When one learns about Ruby on Rails, one found the idea “convention over configuration” great. Whether or not one understood (or misunderstood) that idea, it lays down a foundation over what we can do too in programming and Machine Learning.
For example, there might be some conventions in Machine Learning that are already tuned by others that works quite good in most situations. Unless the result out is really bad (or just not satisfactory), we might or might not choose to tune it for the better.
And as one of Rails (mission?) is: to not repeat those things that are always the same (or at least, similar). We also would like something similar in Machine Learning: to not always build the training cycle if they are always the same. We could make alterations with callbacks as well if required. Furthermore, only if the training cycle is completely different then we need to build from scratch (and perhaps integrate it in the future), otherwise they are almost always the same. That’s why we have fast.ai.

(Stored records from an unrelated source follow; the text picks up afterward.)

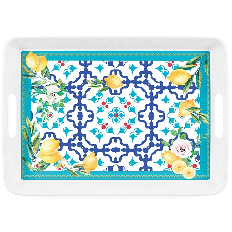 Vassoio Rettangolare Con Manici Flower E Lemon
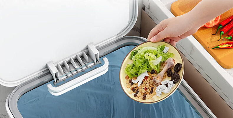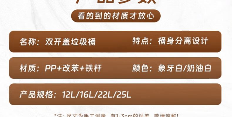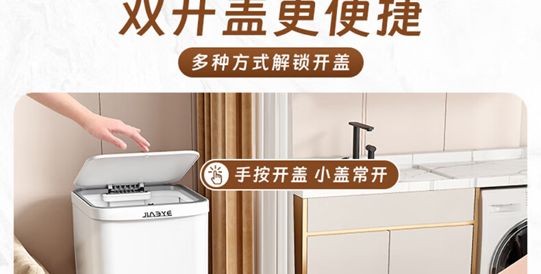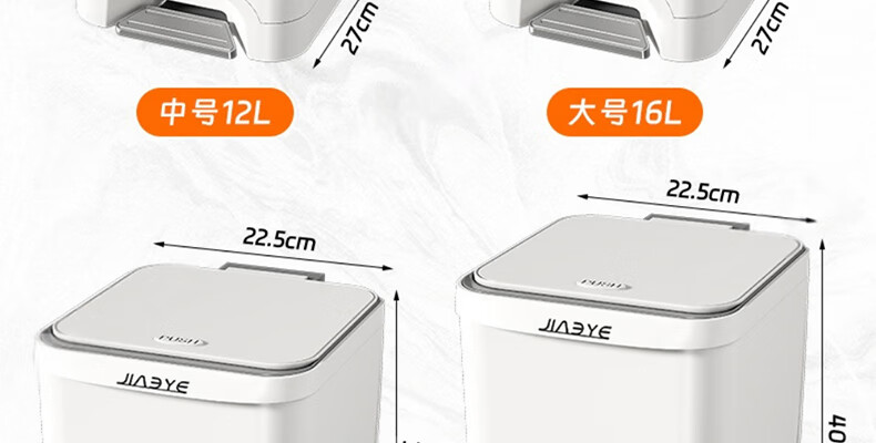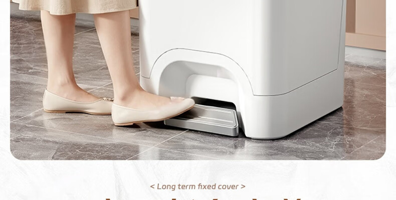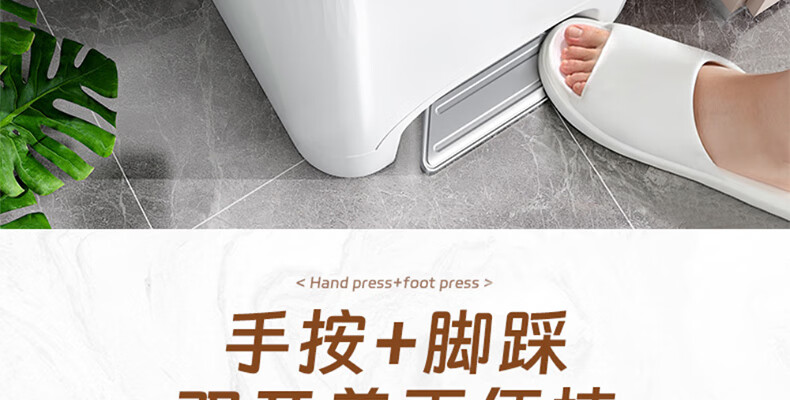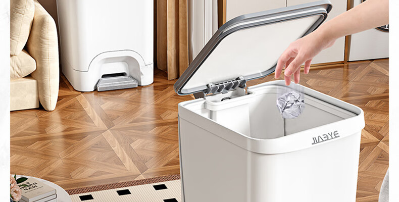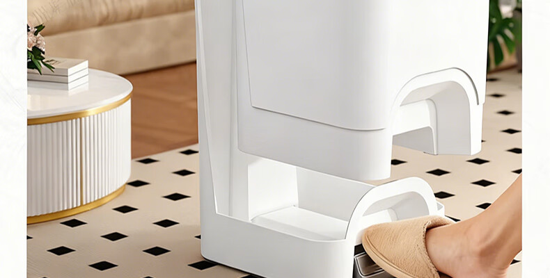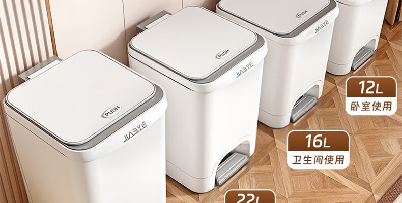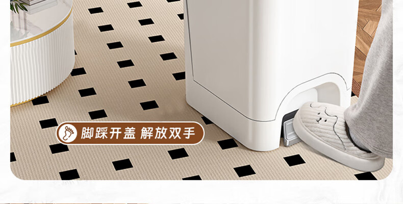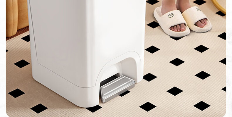 Mouth trash can household 2025 new style kitchen, toilet and bathroom special bucket with lid living room foot step large large capacity medium size 12L - ivory white foot step + hand press barrel body can be separated
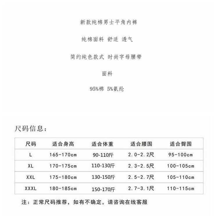 남자 속옷 7A 순면 통기성 권투 선수 편지 벨트 중간 허리 복서 간단한 단색 스포츠 반바지
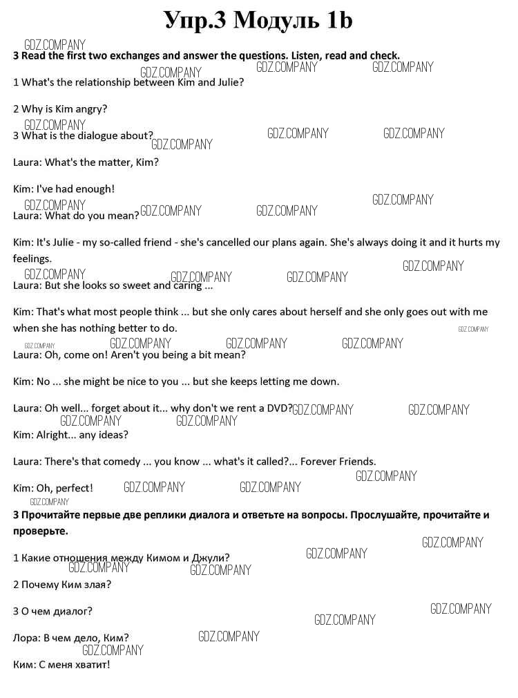 Здесь готовые ответы по Английскому языку за 10 (десятый) класс от Афанасьева, Дули, Михеева, Оби, Эванс Учебник Spotlight (издательство: Просвещение от 2015 г.) № 3
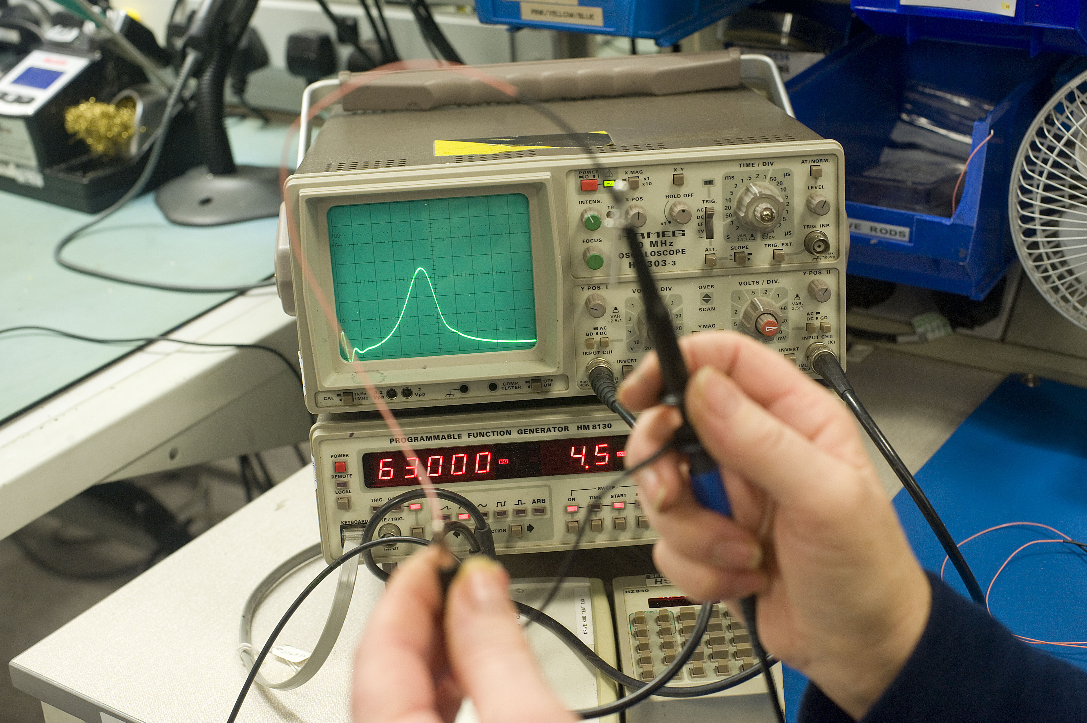 Domino Printing factory floor. Images shows: Assembling and testing the drive rods for the printer heads.
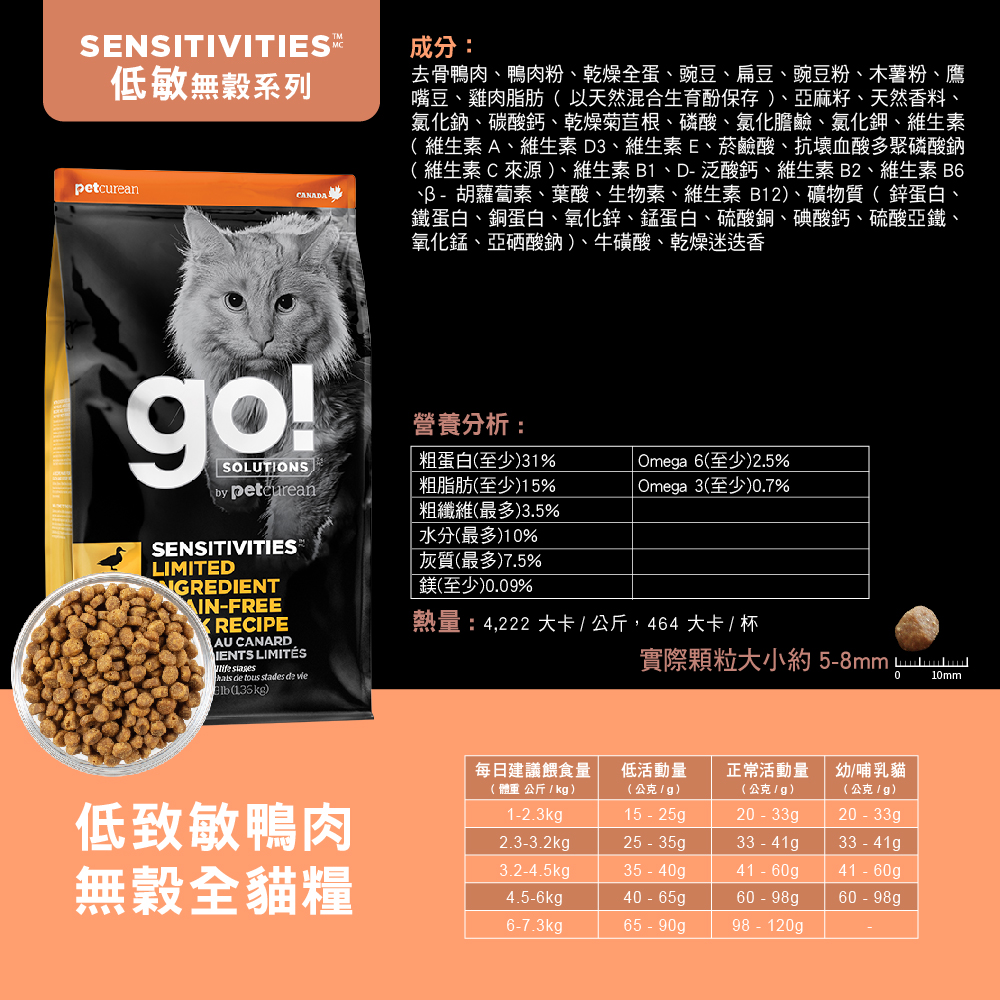 【go】加拿大貓飼料-低致敏系列-鴨肉穀成貓糧 8B (3.63kg)
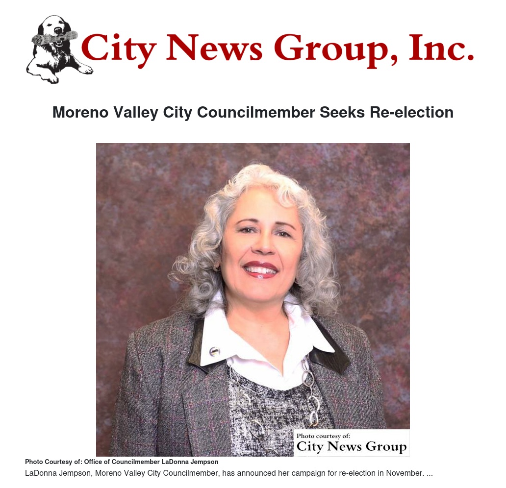 “I have faith that the residents of District 1 in Moreno Valley will grant me the opportunity to serve a full, 4-year term by selecting D. LaDonna Jempson on the Nov. 8 ballot,” Jempson said.
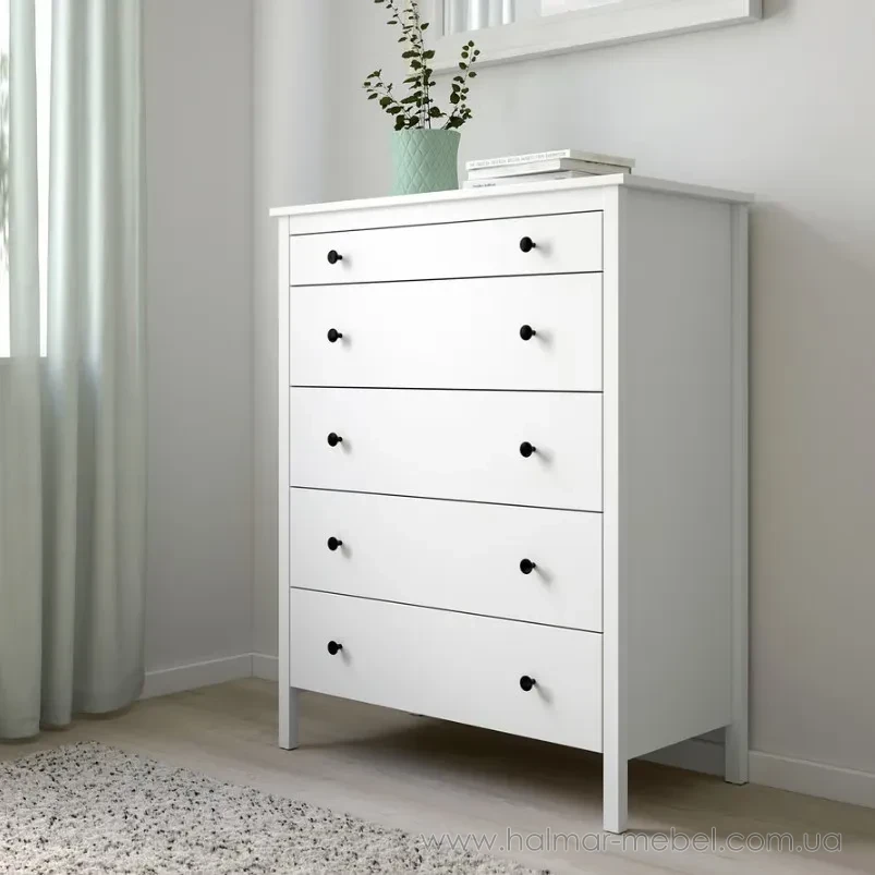 Комод 5ш KOPPANG IKEA 90х114 білий - елегантна та функціональна модель, яка знайде своє місце у будь-якому інтер'єрі та допоможе в організації зберігання особистих речей. Конструкція комода складається з корпусу на ніжках та 5-и висувних шухляд.

Yet not everyone conforms to the thought that fast.ai will make things fast. In fact, conclusion is that it will be more difficult than what had already been done, because they had stuck in their comfort zone that what they’re currently doing is the easiest. In fact, one had fallen into this trap as well when one tries to move from TensorFlow (TF) to PyTorch. The idea that PyTorch requires using classes to build models, and one without a strong background on computer programming, likes to stay with TF Keras. Only until a point when one are forced to move so one moved. So, that was an example of ones’ mistake made.
If there is a library to make you not to do all the things that are already done, not to repeat yourself, use it and try it out. Don’t come into conclusion too quickly, which from ones eyes it seems more to protect yourself against mistakes, or perhaps protect against admitting “mistakes”, or perhaps protect against the thought that what you had done till now is not worth it. All are related to not being able to admit something rather than putting the focus on the object itself: whether it really helps or not. And shifting the focus is necessary.
It doesn’t mean that the “they must do their homework to reach our stage” professionalism is fake. In fact, if we don’t have the people who had build our OS for us, perhaps in C++ or even Assembly code, we wouldn’t have all these wonderful things right now. Going back earlier, if we don’t have those whom ported machine code into higher level assembly code into higher level C code, we wouldn’t have something as easy to write as Python (or Rails or other high level programming languages) today. We can’t ignore their contributions.
Yet that doesn’t mean we can allow that thought to persist. After another layer of abstraction and making things easier, those that doesn’t need to be repeated, need not be repeated. Convention over Configuration. And of course, those that aren’t yet build, we shall build from a lower level of abstraction and try to integrate it in.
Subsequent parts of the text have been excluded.